Es típico decir que, según el materialismo, la materia determina la conciencia, mientras que, para el idealismo, es la conciencia la que determina la materia. Y lo que ocurre es que, en el caso del idealismo ‒luego volvemos sobre el problema del materialismo‒, esto no es así; tal cosa no la ha sostenido ningún idealista sensato, ni tan siquiera Berkeley, quien defendió su forma más extrema. Ciertamente, la conciencia no hace la realidad (como no la hacen la “cultura” ni el “lenguaje”, al modo de los malos derivados actuales del idealismo), lo cual no sería sino una forma psicótica de la misma; lo que sí hace es hallar lo inteligible en ella, o sea, las relaciones a priori que rigen todo cuanto ocurre. En esto consisten, en última instancia, la res infinita cartesiana de la que depende la res extensa, el Dios berkeleyano del que depende su inmaterial mundo perceptivo, o lo trascendental kantiano de lo que depende lo fenoménico. Así pues, el tan frecuente error radica en trastocar lo psíquico, sólo a través de lo cual se puede descubrir lo ideal, con lo ideal mismo, y consecuentemente en atribuir al primero las características del segundo. De este modo quedamos atrapados en una concepción animista de la realidad que da lugar a toda clase de malentendidos y origina subproductos teóricos tan nefastos como lo son el mecanicismo o el determinismo biológico para el materialismo.

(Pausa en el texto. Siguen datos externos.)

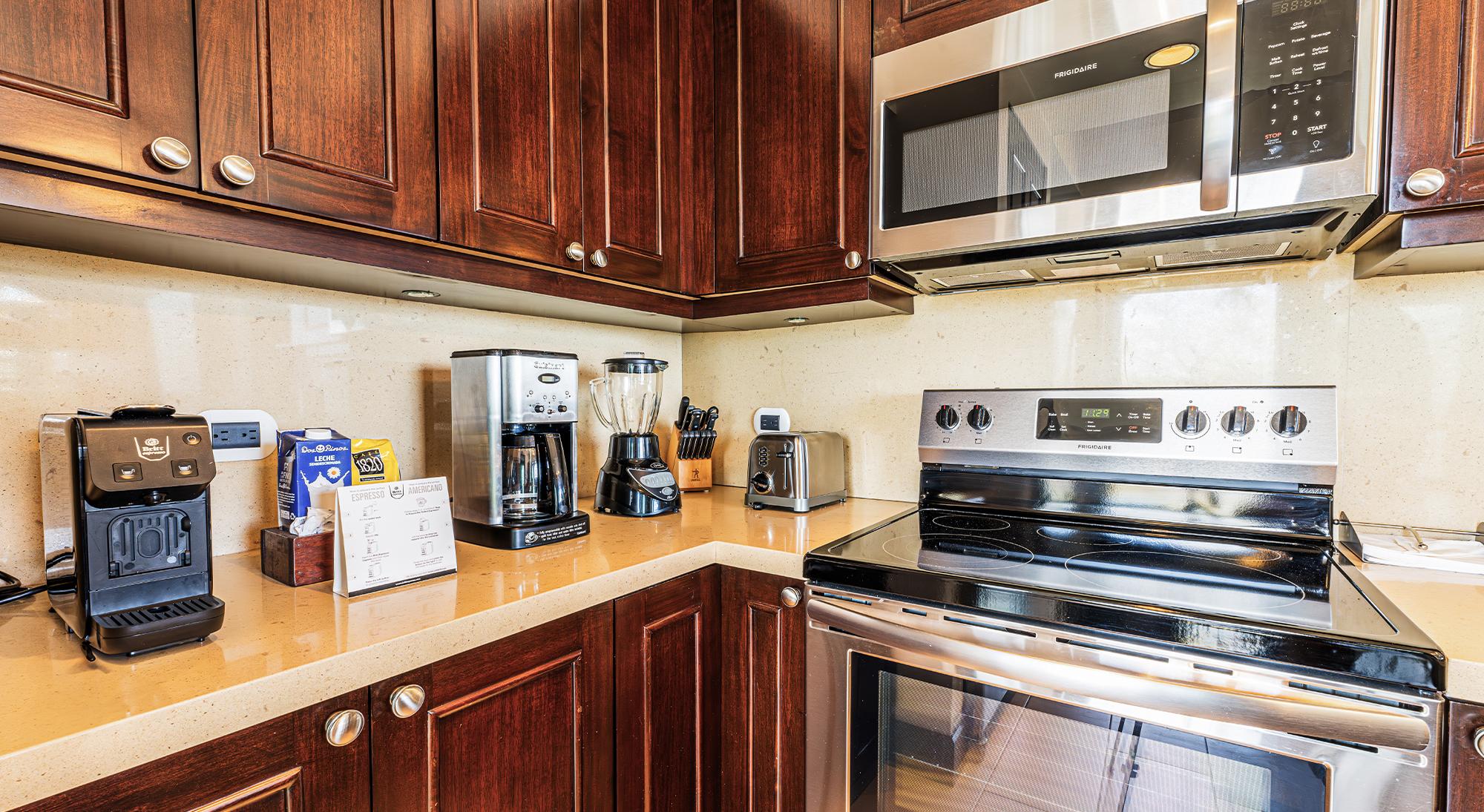Your own private walkway leads to the main entrance door that opens into an inviting foyer leading to the pleasant living area with stunning water views. The main living area features a comfortable pull-out queen size sofa, fully equipped kitchen with stainless steel appliances, granite counters, and a four person breakfast bar. There are also separate laundry facilities and two relaxing ocean view terraces.

Entonces, la cuestión, bien formulada, no es si la materia es anterior a la conciencia o la conciencia anterior a la materia; es, más bien, si lo inteligible es anterior a la materia o la materia anterior a lo inteligible. Dicho de otro modo: si lo ideal determina lo objetivo o lo objetivo determina lo ideal; pero en ningún caso deben identificarse lo inteligible (o ideal) y la conciencia (o lo subjetivo, psíquico), que es condición de su descubrimiento (gnoseológica), pero no de su ser (ontológica). De modo que la oposición real entre idealismo y materialismo consiste en afirmar la primacía absoluta de lo inteligible o de la materia, respectivamente; y, en cualquiera de ambos casos, si no queremos caer en mistificaciones espiritualistas ‒que tienen más de religioso que de científico‒, la materia es anterior a la conciencia, que no podría existir siquiera sin el soporte que le brinda la primera.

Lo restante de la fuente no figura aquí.